Vor einem solchen Vorgehen kann ich nur ausdrücklich warnen, weil bei der Diagnose eines Abszesses nicht vorhersagbar ist, wie schnell sich eine Ausbreitung der Keime gestaltet und jede Injektion die Gefahr einer hämatogenen Ausbreitung pathogener Keime erhöht. Abhängig vom Immunstatus kann die Ausbildung einer lebensgefährlichen Sepsis nicht ausgeschlossen werden. Daher ist ein frühes chirurgisches  Eingreifen (Inzision) einer gefährlichen therapeutischen Polypragmasie  immer vorzuziehen.

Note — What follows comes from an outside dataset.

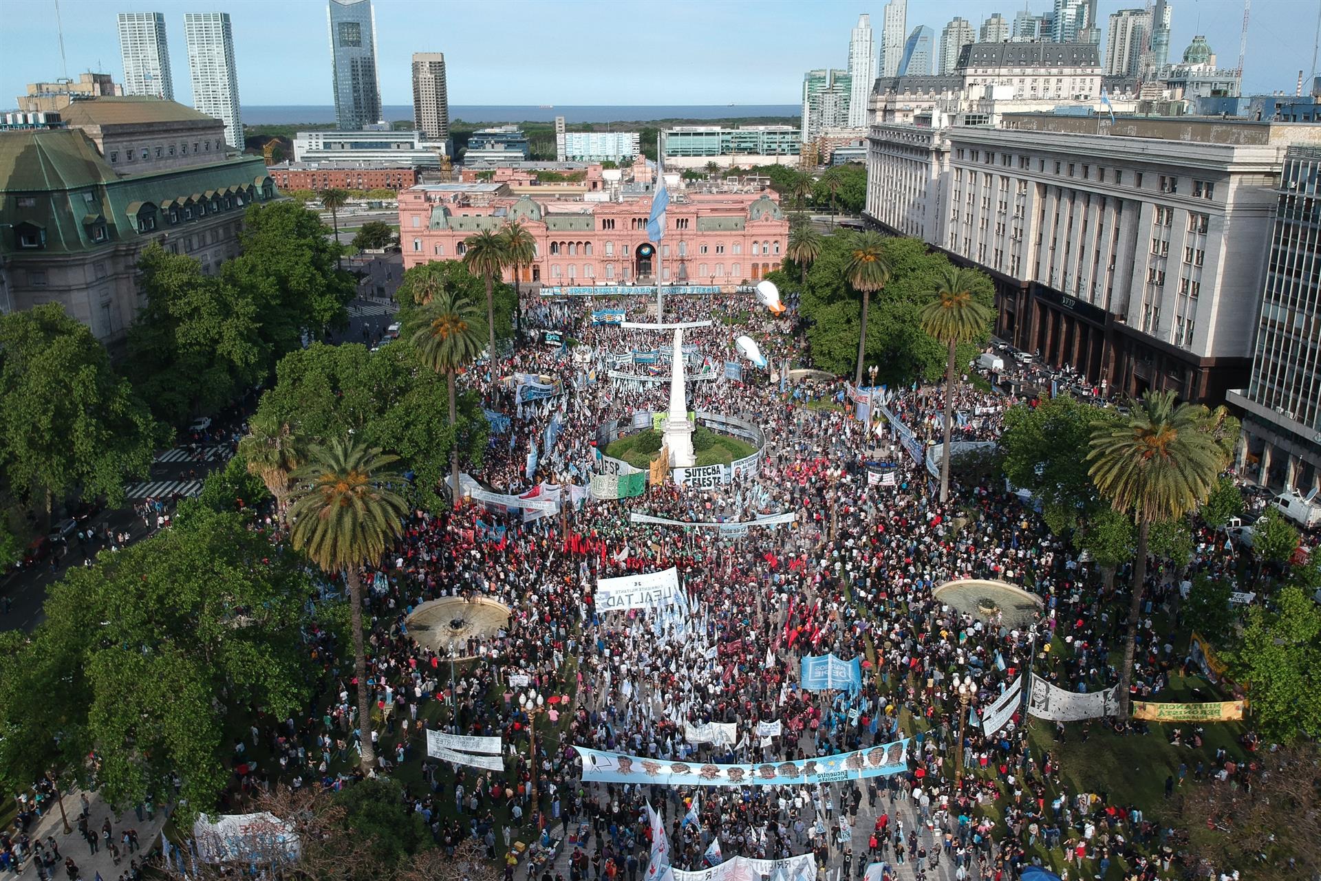 Milhares de argentinos se reuniram para a marcha, em comemoração ao "Dia da Lealdade Peronista", na Plaza de Mayo, em Buenos Aires. No local está um memorial às vítimas da pandemia, formado por pedras em que estão gravados os nomes de pessoas que morreram de Covid-19, além de fotografias das vítimas deixadas por familiares e cartazes com mensagens críticas ao governo de Fernández pela gestão da pandemia.
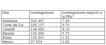 En el rubro de la investigación científica, por múltiples razones, el número de investigadores involucrados en dicha actividad sigue siendo bajo para México. Al confrontarlo con la Población Económicamente Activa (PEA), la Tabla 5 muestra que de los poco más de 37 mil investigadores contabilizados en el año 2020, forzadamente había un perfil de este tipo por cada 1000 personas en edad laboral, contrastando nuevamente la amplia heterogeneidad entre Corea del Sur y Canadá, lo que pone en desventaja no sólo la eficiencia productiva, sino la capacidad para hacer frente a los requerimientos de la sociedad y del país en general.

Schnelles Eingreifen kann Leben retten.

Fazit:

Die propagierten Therapieempfehlungen überzeugen nicht. Die Therapieempfehlungen führen in vielen Fällen zu Nachteilen im Sinne der Verfehlung einer schnellen indikationsgerechten zahnärztlichen Intervention und Versorgung.

In einzelnen Fällen kann von den beschriebenen Therapieempfehlungen eine erhebliche gesundheitliche Gefährdung ausgehen, weil durch die propagierten Handlungen wertvolle Zeit verstreicht und somit wichtige therapeutische Maßnahmen unterbleiben.